++++ Provided data

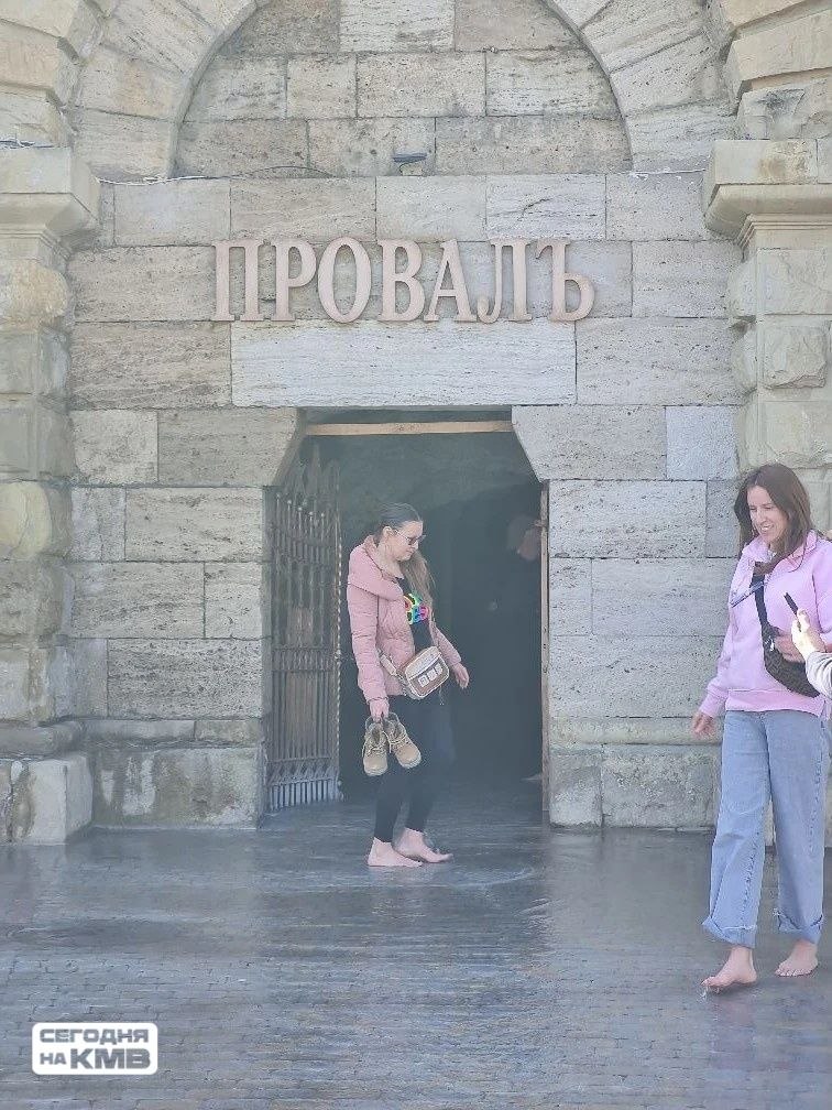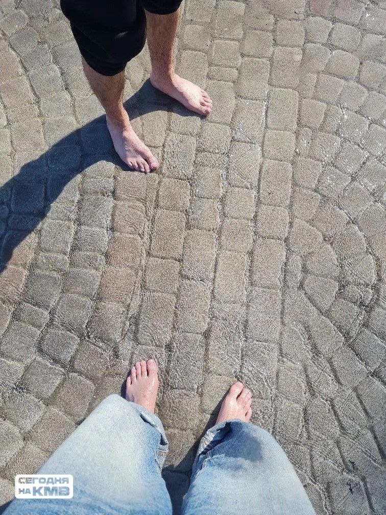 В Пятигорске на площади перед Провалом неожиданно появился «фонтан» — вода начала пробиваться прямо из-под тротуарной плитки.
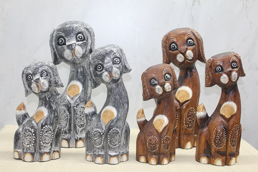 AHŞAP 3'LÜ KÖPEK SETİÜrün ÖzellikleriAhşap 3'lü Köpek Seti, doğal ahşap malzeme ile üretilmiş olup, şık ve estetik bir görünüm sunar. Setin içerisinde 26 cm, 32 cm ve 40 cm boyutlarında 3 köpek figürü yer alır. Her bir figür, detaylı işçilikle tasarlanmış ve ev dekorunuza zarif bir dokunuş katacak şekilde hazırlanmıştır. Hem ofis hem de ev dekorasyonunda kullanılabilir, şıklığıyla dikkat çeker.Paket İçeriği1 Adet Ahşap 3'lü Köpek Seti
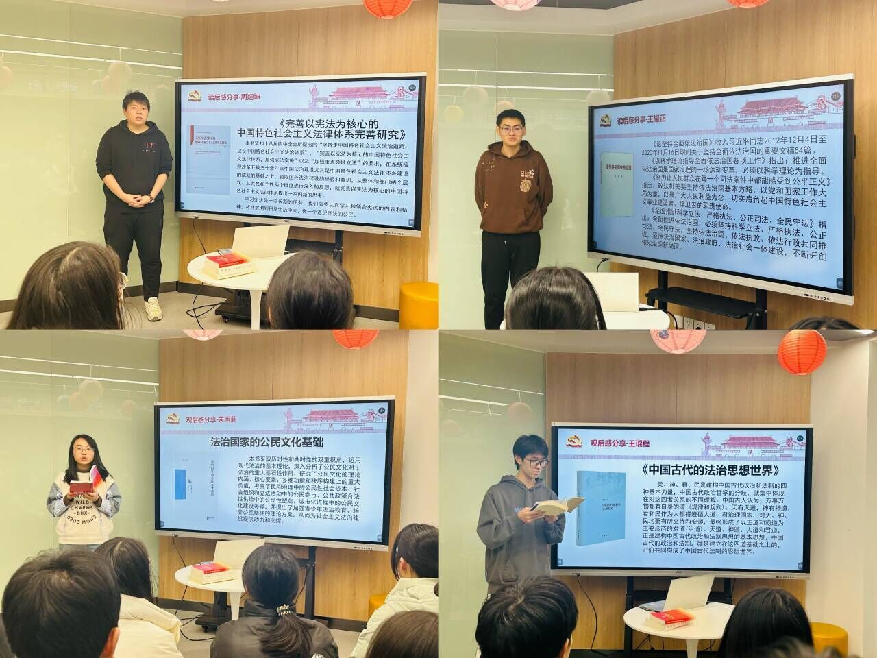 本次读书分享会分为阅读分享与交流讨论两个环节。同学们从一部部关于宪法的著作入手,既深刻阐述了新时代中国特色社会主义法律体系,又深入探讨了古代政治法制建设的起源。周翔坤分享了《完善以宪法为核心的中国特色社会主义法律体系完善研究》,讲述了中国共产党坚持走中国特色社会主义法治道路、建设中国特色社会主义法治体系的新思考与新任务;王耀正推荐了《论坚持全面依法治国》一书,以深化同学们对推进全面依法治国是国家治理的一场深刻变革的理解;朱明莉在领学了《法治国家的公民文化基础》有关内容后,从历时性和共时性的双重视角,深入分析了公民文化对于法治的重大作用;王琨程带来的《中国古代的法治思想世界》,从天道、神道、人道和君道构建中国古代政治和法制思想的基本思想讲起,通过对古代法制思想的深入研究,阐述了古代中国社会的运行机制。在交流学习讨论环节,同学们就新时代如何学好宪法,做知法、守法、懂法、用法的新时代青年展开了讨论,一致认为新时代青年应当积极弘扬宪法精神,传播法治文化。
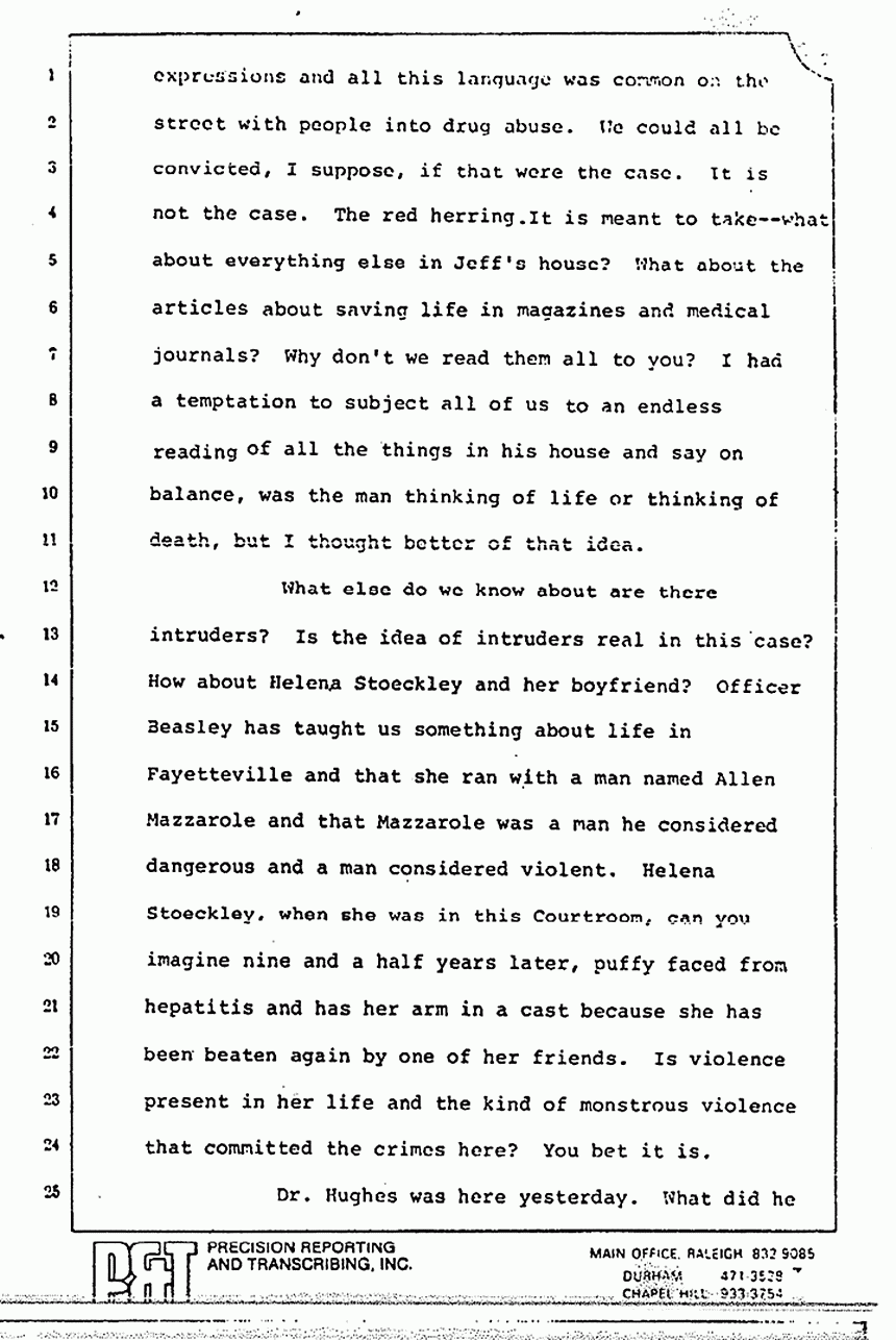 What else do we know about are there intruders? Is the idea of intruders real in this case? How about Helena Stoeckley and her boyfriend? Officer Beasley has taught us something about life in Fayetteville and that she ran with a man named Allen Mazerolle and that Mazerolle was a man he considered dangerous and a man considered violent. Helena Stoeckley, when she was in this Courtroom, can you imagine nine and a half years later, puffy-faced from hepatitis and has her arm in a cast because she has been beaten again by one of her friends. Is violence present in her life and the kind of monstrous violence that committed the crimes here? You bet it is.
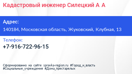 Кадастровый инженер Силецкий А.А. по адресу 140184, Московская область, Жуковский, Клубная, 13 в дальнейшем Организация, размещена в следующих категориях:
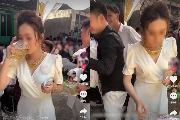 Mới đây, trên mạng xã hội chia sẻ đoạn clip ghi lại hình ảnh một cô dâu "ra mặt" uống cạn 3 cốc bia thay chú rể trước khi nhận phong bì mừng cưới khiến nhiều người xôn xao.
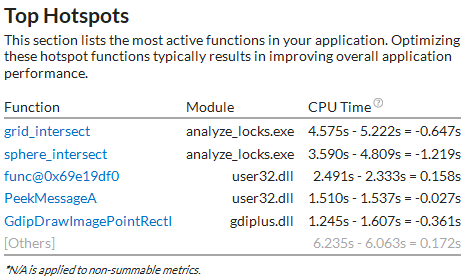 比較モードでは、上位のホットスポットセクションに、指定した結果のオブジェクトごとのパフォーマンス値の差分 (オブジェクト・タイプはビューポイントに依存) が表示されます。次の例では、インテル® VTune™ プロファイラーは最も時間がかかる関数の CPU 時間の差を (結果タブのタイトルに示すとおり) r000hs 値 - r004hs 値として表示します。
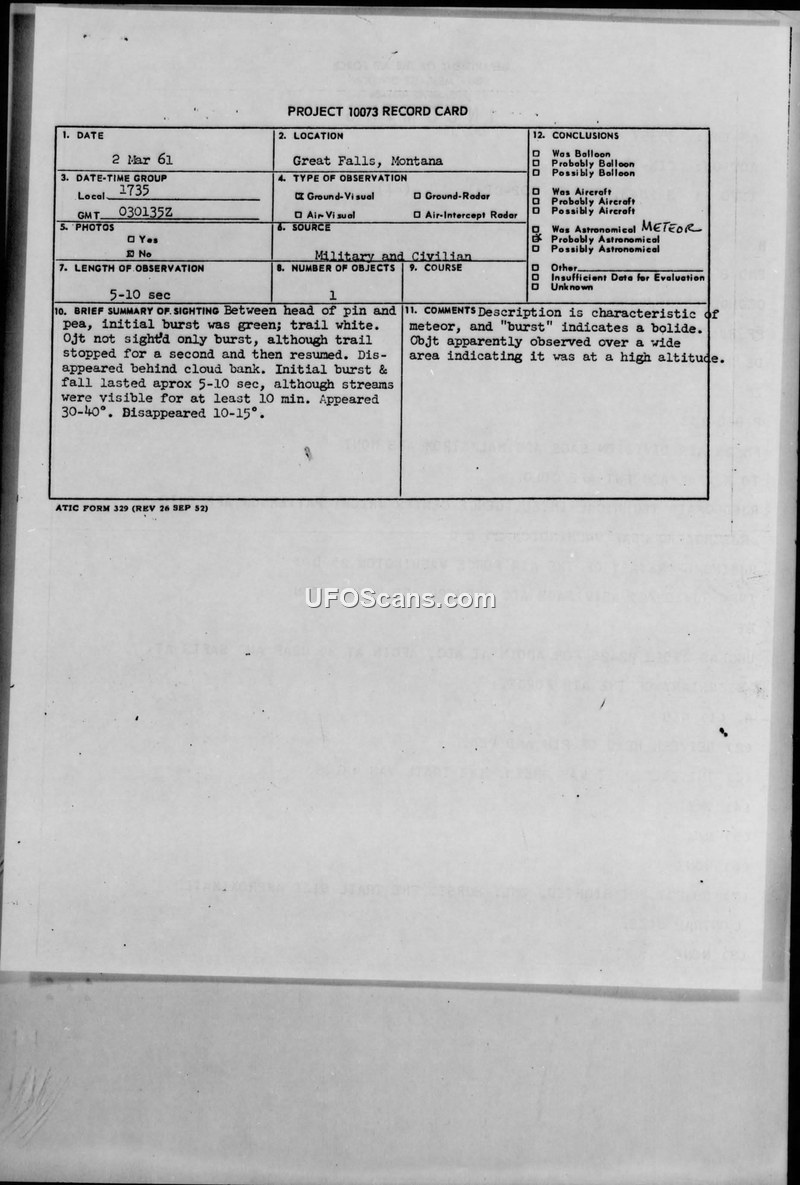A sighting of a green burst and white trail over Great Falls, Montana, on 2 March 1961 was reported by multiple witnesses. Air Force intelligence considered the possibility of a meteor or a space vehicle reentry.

++++++++

→ Task brief: Reproduce each line of the records exactly and exclude any images.

→ Solved problem:
 В Пятигорске на площади перед Провалом неожиданно появился «фонтан» — вода начала пробиваться прямо из-под тротуарной плитки.
 AHŞAP 3'LÜ KÖPEK SETİÜrün ÖzellikleriAhşap 3'lü Köpek Seti, doğal ahşap malzeme ile üretilmiş olup, şık ve estetik bir görünüm sunar. Setin içerisinde 26 cm, 32 cm ve 40 cm boyutlarında 3 köpek figürü yer alır. Her bir figür, detaylı işçilikle tasarlanmış ve ev dekorunuza zarif bir dokunuş katacak şekilde hazırlanmıştır. Hem ofis hem de ev dekorasyonunda kullanılabilir, şıklığıyla dikkat çeker.Paket İçeriği1 Adet Ahşap 3'lü Köpek Seti
 本次读书分享会分为阅读分享与交流讨论两个环节。同学们从一部部关于宪法的著作入手,既深刻阐述了新时代中国特色社会主义法律体系,又深入探讨了古代政治法制建设的起源。周翔坤分享了《完善以宪法为核心的中国特色社会主义法律体系完善研究》,讲述了中国共产党坚持走中国特色社会主义法治道路、建设中国特色社会主义法治体系的新思考与新任务;王耀正推荐了《论坚持全面依法治国》一书,以深化同学们对推进全面依法治国是国家治理的一场深刻变革的理解;朱明莉在领学了《法治国家的公民文化基础》有关内容后,从历时性和共时性的双重视角,深入分析了公民文化对于法治的重大作用;王琨程带来的《中国古代的法治思想世界》,从天道、神道、人道和君道构建中国古代政治和法制思想的基本思想讲起,通过对古代法制思想的深入研究,阐述了古代中国社会的运行机制。在交流学习讨论环节,同学们就新时代如何学好宪法,做知法、守法、懂法、用法的新时代青年展开了讨论,一致认为新时代青年应当积极弘扬宪法精神,传播法治文化。
 What else do we know about are there intruders? Is the idea of intruders real in this case? How about Helena Stoeckley and her boyfriend? Officer Beasley has taught us something about life in Fayetteville and that she ran with a man named Allen Mazerolle and that Mazerolle was a man he considered dangerous and a man considered violent. Helena Stoeckley, when she was in this Courtroom, can you imagine nine and a half years later, puffy-faced from hepatitis and has her arm in a cast because she has been beaten again by one of her friends. Is violence present in her life and the kind of monstrous violence that committed the crimes here? You bet it is.
 Кадастровый инженер Силецкий А.А. по адресу 140184, Московская область, Жуковский, Клубная, 13 в дальнейшем Организация, размещена в следующих категориях:
 Mới đây, trên mạng xã hội chia sẻ đoạn clip ghi lại hình ảnh một cô dâu "ra mặt" uống cạn 3 cốc bia thay chú rể trước khi nhận phong bì mừng cưới khiến nhiều người xôn xao.
 比較モードでは、上位のホットスポットセクションに、指定した結果のオブジェクトごとのパフォーマンス値の差分 (オブジェクト・タイプはビューポイントに依存) が表示されます。次の例では、インテル® VTune™ プロファイラーは最も時間がかかる関数の CPU 時間の差を (結果タブのタイトルに示すとおり) r000hs 値 - r004hs 値として表示します。
A sighting of a green burst and white trail over Great Falls, Montana, on 2 March 1961 was reported by multiple witnesses. Air Force intelligence considered the possibility of a meteor or a space vehicle reentry.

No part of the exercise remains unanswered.